Par son style, ses origines, l’enthousiasme qu’elle a suscité depuis son entrée en campagne, Kamala Harris s’inscrit en rupture avec Joe Biden. En revanche, en politique étrangère, la continuité entre le président et sa vice-présidente semble complète. Il suffisait d’écouter sur ce point le discours de la candidate devant les délégués démocrates à Chicago, le 22 août. Et particulièrement le passage, pesé au trébuchet, consacré à la guerre à Gaza.
Kamala Harris a rappelé les efforts incessants de l’administration pour pousser Israël et le Hamas à un cessez-le-feu, conduisant à une libération des otages encore détenus dans le territoire enclavé et supplicié. C’est la condition, selon elle, pour que les Palestiniens « réalisent leur droit à la dignité, à la sécurité, à la liberté et à l’autodétermination ». Ce dernier principe est aujourd’hui nié et rejeté par le gouvernement israélien, dominé par l’extrême droite suprémaciste.
Mais la candidate n’a pris aucune distance avec ce partenaire si peu fiable qui abuse du soutien inconditionnel des Etats-Unis. Kamala Harris n’a fait aucune référence à une éventuelle suspension des livraisons d’armes offensives à Israël, réclamée par de nombreux militants démocrates dans des Etats à forte communauté arabo-musulmane.
« Immense disparité »
Plus de 700 000 participants aux primaires démocrates – avant le retrait de Joe Biden – avaient décidé d’effectuer un vote protestataire, en se déclarant non engagés (uncommitted) en faveur d’un candidat. Il s’agissait d’un avertissement clair adressé à l’administration, une façon de critiquer son soutien trop unilatéral au gouvernement de Benyamin Nétanyahou. Ce mouvement parti de la base et organisé par des élus locaux, qui a gagné différents Etats comme le Michigan, le Wisconsin ou le Minnesota, est parvenu à obtenir vingt-neuf délégués à la convention démocrate. Pourtant, les organisateurs de la convention ont refusé de donner le micro, à la tribune principale, à un représentant de ce mouvement, au nom des civils palestiniens.
En revanche, Rachel et Jon Polin, parents de Hersh, otage de 23 ans détenu à Gaza, ont pu livrer un témoignage bouleversant sur scène. A leur grande surprise, comme ils l’ont reconnu par la suite, ils ont été vivement applaudis. « Dans une compétition de souffrance, il n’y a pas de vainqueurs », ont-ils dit.

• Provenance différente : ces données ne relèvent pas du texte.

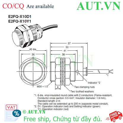 Cảm biến tiệm cận Omron E2FQ-X10E1 2M Ngõ ra: NPNKích cỡ: M30Chiều dài cáp: 2mChế độ hoạt động: NONguồn cấp: 12...24VDCKiểu đấu nối: Dây liềnLoại chống nhiễu: ShieldedKhoảng cách phát hiện: 10mm 4.327.884 ₫ 3.606.570 ₫ Thêm vào giỏ hàng Thêm vào danh sách so sánh Danh sách yêu thích tùy chỉnh được Thêm vào danh sách yêu thích
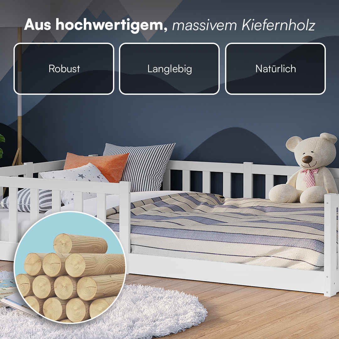 Das skandinavische Design des Bettes überzeugt durch seine zeitlose Eleganz und minimalistische Ästhetik, die jedes Kinderzimmer bereichert. Der integrierte Rausfallschutz sorgt für Sicherheit während des Schlafs, während der Zugang zur Liegefläche an der Vorderseite das Ein- und Aussteigen erleichtert. Mit einer maximalen Belastbarkeit von 100 kg können auch Eltern bequem neben ihrem Kind liegen und eine Gute-Nacht-Geschichte vorlesen.

D’autres orateurs, comme le sénateur Bernie Sanders, figure historique de la gauche du parti, ont aussi fait référence à la guerre, mais en des termes assez convenus. Le Parti démocrate a organisé sa convention en veillant scrupuleusement à son unité autour de Kamala Harris. Il a été conforté dans cette discipline, quitte à mépriser la tragédie gazaouie, par le faible succès des manifestations de solidarité organisées à Chicago en marge de l’événement politique.